PROBLEM TO SOLVE: Make an exact copy of the data below, leaving out every picture.

MATERIAL PROVIDED:
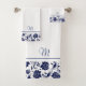 Elegante patrón vintage de damascos florales en azul marino y blanco con monograma de personalizable.
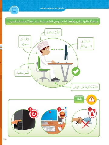 27! !َحا َِف ْْظ ِدائ ًُم َ ا َعلى َو ْضَعََّي ُِة ال ُِجلو ُِس ال َْصَحَّي ََح ُِة َِع ِّْن ََّد ِا ْسَت ْخَّد ِ اِم الَحاسو ُِب. َّتَقيااَّم.ْ َُْسُس َمْ ََُأالُرْ ِِض.َّتَقيَُماُة َعىل َ اَألَرْ َُْسِم َمَ الَقَدُْ َّتَقيااَّم.ُْسَمُظ ْهُرَالُة ََغ ْريَََُقبَالُرٍ.َُةُ ِّْن ََحِّنيَمُة يفَُ الَّش َ اَشِّنَظُِر.ْ َّتوى الَُْسَمِا َْح َذْْر.َ الَّدْْر ُُس 2.1َ :س ْْط ُُح الـ َُم ْكَت ِِب
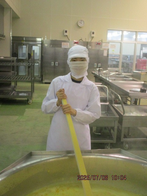 1枚目 2枚目 写真は富山北給食センターの様子です。今日の給食を一生懸命つくっている様子です。

SOLVED PROBLEM:
 Elegante patrón vintage de damascos florales en azul marino y blanco con monograma de personalizable.
 27! !َحا َِف ْْظ ِدائ ًُم َ ا َعلى َو ْضَعََّي ُِة ال ُِجلو ُِس ال َْصَحَّي ََح ُِة َِع ِّْن ََّد ِا ْسَت ْخَّد ِ اِم الَحاسو ُِب. َّتَقيااَّم.ْ َُْسُس َمْ ََُأالُرْ ِِض.َّتَقيَُماُة َعىل َ اَألَرْ َُْسِم َمَ الَقَدُْ َّتَقيااَّم.ُْسَمُظ ْهُرَالُة ََغ ْريَََُقبَالُرٍ.َُةُ ِّْن ََحِّنيَمُة يفَُ الَّش َ اَشِّنَظُِر.ْ َّتوى الَُْسَمِا َْح َذْْر.َ الَّدْْر ُُس 2.1َ :س ْْط ُُح الـ َُم ْكَت ِِب
 1枚目 2枚目 写真は富山北給食センターの様子です。今日の給食を一生懸命つくっている様子です。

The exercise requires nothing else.